Antimicrobial drugs

Antimicrobial drugs
Dr. Entisar Al-Mukhtar

Drugs used for treatment of infections because they have selective toxicity; as they inhibit the growth or kill the invading microorganisms (MOs) without harming the cells of the host.
The concentration of the drug should be carefully controlled to attack the MOs, while still being tolerated by the host.
Antibiotics (ABs): substances produced by MO & act against another MO.
ABs do not include synthetic (sulfonamides & quinolones), or semisynthetic (methicillin and amoxicillin) AMs, or those which come from plants (quercetin and alkaloids) or animals (lysozyme).
Classification of Antimicrobial (AM) Drugs
AM agents may be classified according to the type of organism against which they are active as follows:
• Antibacterial drugs.
• Antiviral drugs.
• Antifungal drugs.
• Antiprotozoal drugs.
• Anthelminthic drugs.

Antimicrobial are classified according to:
(1) Spectrum of activity
(2) Effect on bacteria
(3) Mode of action
1. Spectrum of activity:
A. Narrow-spectrum ABs: effective against a single or a limited group of MOs, e.g, isoniazid against M. tuberculosis only.
B. Extended-spectrum ABs: e.g, ampicillin against G + & some G - bacteria.
C. Broad-spectrum ABs: e.g, tetracycline, fluoroquinolones & carbapenems act against a wide variety of MOs, they can precipitate superinfection due to organisms such as C. difficile.

2. Effect on bacteria:
A. Bacteriostatic, i.e. sulfonamides, tetracyclines and chloramphenicol, act by arresting bacterial multiplication.
B. Bactericidal, i.e. penicillins, aminoglycosides (AGs) and rifampicin act by killing bacteria.
However, most bacteriostatic drugs are bactericidal at high concentrations, under certain incubation conditions in vitro, and against some bacteria.

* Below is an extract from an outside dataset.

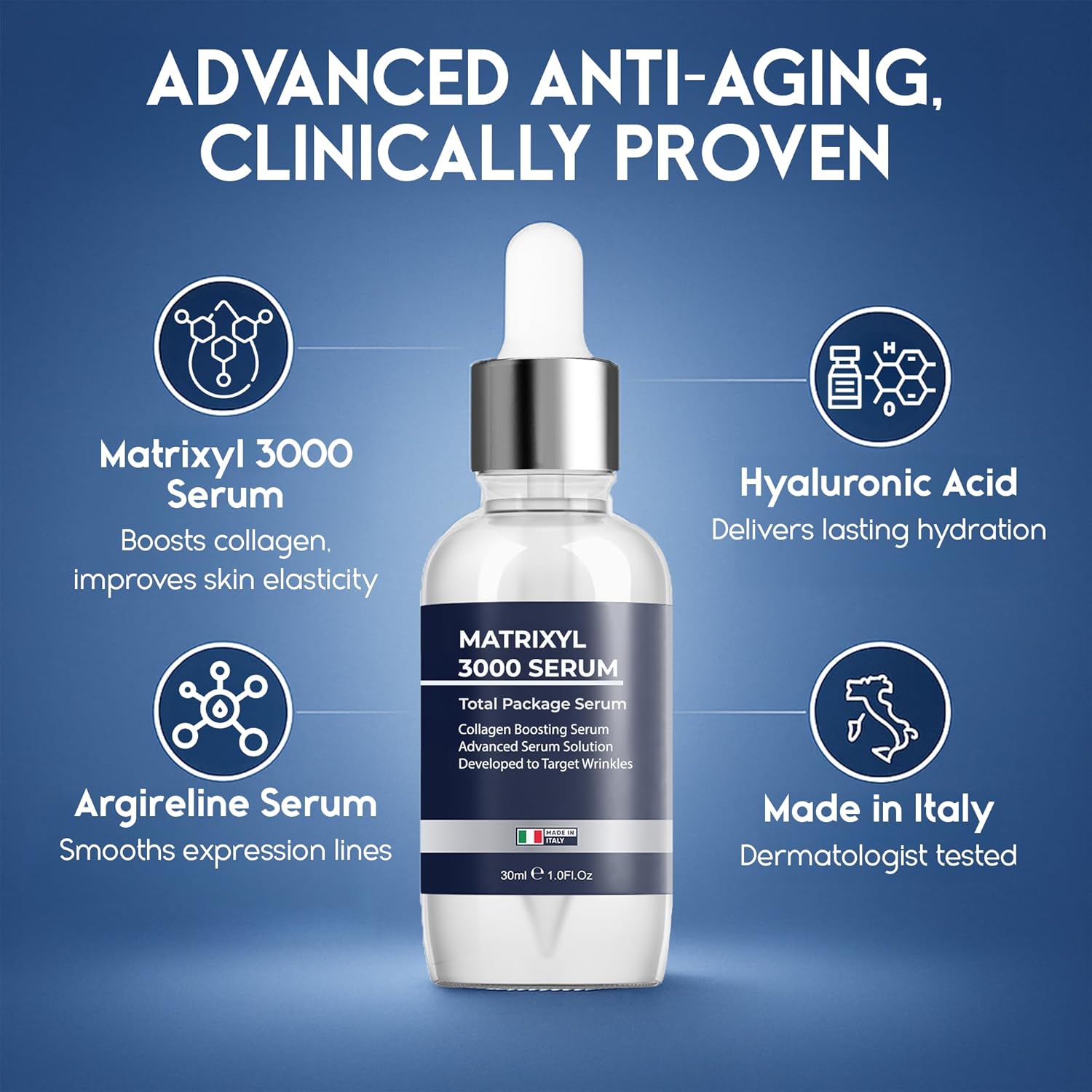 Matrixyl 3000 Serum: Harness the anti-aging power of Matrixyl 3000 Serum, formulated to visibly reduce the appearance of fine lines and wrinkles. This potent peptide blend works to rejuvenate your skin, enhancing elasticity and firmness for a smoother, more youthful complexion.

Bacteriostatic versus bactericidal drugs:
Bacteriostatic drugs arrest the growth & replication of bacteria at serum (or urine) levels achievable in the patient, thus limiting the spread of infection until the immune system attacks, immobilizes, and eliminates the pathogen.
If the drug is removed before the immune system has scavenged the MOs, enough viable organisms may remain to begin a second cycle of infection.

Bactericidal drugs kill bacteria at drug serum levels achievable in the patient &
they are the drugs of choice in seriously ill & immunocompromised patients.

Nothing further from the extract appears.